Canonical, the company behind Ubuntu, has been under a sustained cross-border DDoS attack since approximately 6 PM UK time on April 30, 2026. The Iran-linked hacktivist group "Islamic Cyber Resistance in Iraq 313 Team" claimed responsibility via the VECERT Analyzer threat intelligence account and paired the disruption with a Session-channel extortion demand. The outage exceeded 15 hours by the time it surfaced on Hacker News, knocking out a wide swath of Ubuntu and Snap infrastructure while the underlying operating system remained uncompromised.
What Happened
The attack began around 6 PM UK time on April 30, 2026, hitting multiple Canonical-operated services in parallel. Canonical confirmed the disruption on its status page and via the @ubuntu account on May 1, calling it a "sustained, cross-border attack" and indicating volumetric flooding rather than intrusion. PiunikaWeb reported the outage had run more than 14 hours by its May 1 article, and Hacker News tracked the incident at the 15-hour mark. Affected services included ubuntu.com, security.ubuntu.com, lists.ubuntu.com, login.ubuntu.com, the Snap Store, Snapcraft, Launchpad, maas.io, Canonical's portal and contracts subdomains, the Livepatch API, and Landscape. Ubuntu APT mirrors and ISO downloads continued to function thanks to their distributed mirror network. The 313 Team also delivered an extortion message via a Session messenger ID, warning that servers would remain offline if Canonical did not pay. As of the first major coverage on May 1, Canonical had not publicly acknowledged the ransom demand.
What Was Taken
No data exfiltration has been reported or claimed. The incident is a service-availability attack, not a breach. The Ubuntu operating system, source repositories, and APT package distribution channels were not compromised, and there is no indication that authentication credentials, build pipelines, or Snap package contents were accessed. The damage is reputational and operational: developers, enterprise Livepatch and Landscape customers, MAAS operators, and Snap publishers were locked out of management and identity surfaces for the duration of the outage.
Why It Matters
Canonical sits at the foundation of a substantial portion of the world's Linux server, cloud, and IoT footprint. A sustained outage of login.ubuntu.com, Launchpad, Livepatch, and Landscape disrupts not just consumer downloads but enterprise patch management and fleet automation pipelines that depend on those control planes. The incident is also notable for the actor: the 313 Team is assessed by HawkEye's March 2026 advisory to have ties to Iran's Ministry of Intelligence and Security (MOIS), pushing this beyond ordinary hacktivism into the state-aligned category. The pairing of volumetric DDoS with a Session-based extortion demand mirrors the playbook seen from other Iran-aligned crews in 2025 and 2026, and signals that open-source infrastructure providers are now being treated as legitimate targets for politically motivated coercion.
The Attack Technique
The technique appears to be a classic high-volume, multi-vector DDoS aimed at saturating the public-facing web and API tier of Canonical's infrastructure. Canonical's "cross-border" framing suggests the source traffic originated from globally distributed nodes, consistent with botnet-driven floods or amplification across reflectors. The selective survival of APT mirrors and ISO downloads, both served from distributed third-party mirror networks, while centralized Canonical-hosted services failed, points to the attackers focusing on origin infrastructure that lacks the same geographic dispersion. The extortion overlay was delivered out-of-band via Session, a privacy-focused encrypted messenger favored by actors who want to avoid the attribution risk of email or Telegram.

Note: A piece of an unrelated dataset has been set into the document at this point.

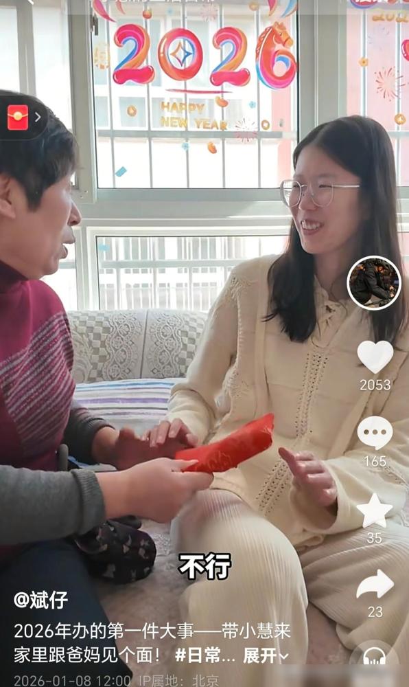 斌子女友终于见家长了… 斌子妈妈肉眼可见的紧张,把家里收拾的干干净净的,还特意准备了万里挑一的大红包,准儿媳第一次来家里,多年夙愿终于要往前推进一大步了,斌子妈妈在给红包时紧张的都有点说话说不利索了… 斌子这次把女朋友带回老家,不仅是家里的一桩喜事,更像是全家的一次“大考”。其实也不怪老太太局促,这姑娘的履历确实有点“天花板”的意思:北交大研究生毕业,身高一米八以上,月入四万多,关键还有北京户口。 我倒觉得斌子妈妈说那句“烧高香了”挺真诚的,在长辈眼里,这种高学历、高薪水还带户口的女孩,简直就是最完美的儿媳样板。面对这样一个各方面都压自己一头的准儿媳,婆婆那种小心翼翼的维护感,真的挺让人感触。 其实看斌子的职场跨越也挺励志,以前当摄影师一个月拿两万,在同龄人里不算差,但离“在北京扎根”总觉得还差口气。现在转行做自媒体,收入眼看着能到三五万了,这才算是在底气上跟女友稍微拉近了一点距离。 我更在意的是那个北京户口。对于北漂来说,几万块的月薪固然诱人,但那个户口才是真正决定能否“安家”的入场券,斌子这波不仅是找了个灵魂伴侣,更是找了个能让他梦想落地的合伙人。 不过换个角度看,这种“高配”婚姻其实压力也挺大。斌子虽然现在靠自媒体翻了身,甚至能预见到接下来的订婚、婚礼又是几波大流量,但要在这种全方位优越的女方家里站稳脚跟,光靠拍视频的收入可能还没那么稳。 那种两三年买房的奇迹虽然难复制,但斌子这步棋走得确实稳。以前是单打独斗的摄影师,现在是有资源、有话题、有高质伴侣的内容创作者,他的人生转折点其实就是从遇见这个女孩开始的。 虽然有人觉得斌子是“高攀”,但我感觉在互联网时代,能接住这种阶层跃迁的运气也是一种本事。看着他从幕后走到台前,再到带这么优秀的女孩回家,这种普通男孩靠努力加运气逆袭的剧本,谁看了不得感慨几句。

What Organizations Should Do
- Audit which centralized identity and management endpoints (login.ubuntu.com, Livepatch API, Landscape, Launchpad) your automation depends on and stage offline-tolerant fallbacks for patching and provisioning workflows.
- Mirror critical packages and ISOs locally or pin to redundant mirror endpoints so build pipelines do not break when the upstream control plane is unreachable.
- Review DDoS protection posture for your own internet-facing infrastructure: confirm anycast or scrubbing coverage, validate origin IP concealment, and rehearse failover for authentication and API tiers specifically.
- Establish a no-pay policy and pre-approved comms plan for Session, Telegram, or email-delivered extortion demands tied to availability attacks, and route any such contact directly to incident response and legal.
- Track 313 Team and other MOIS-aligned hacktivist indicators via threat-intel feeds, and treat geopolitical flashpoints as leading indicators for opportunistic targeting of Western technology vendors.
- Monitor Canonical's official status page and @ubuntu channel rather than secondary aggregators for ground truth during ongoing disruption.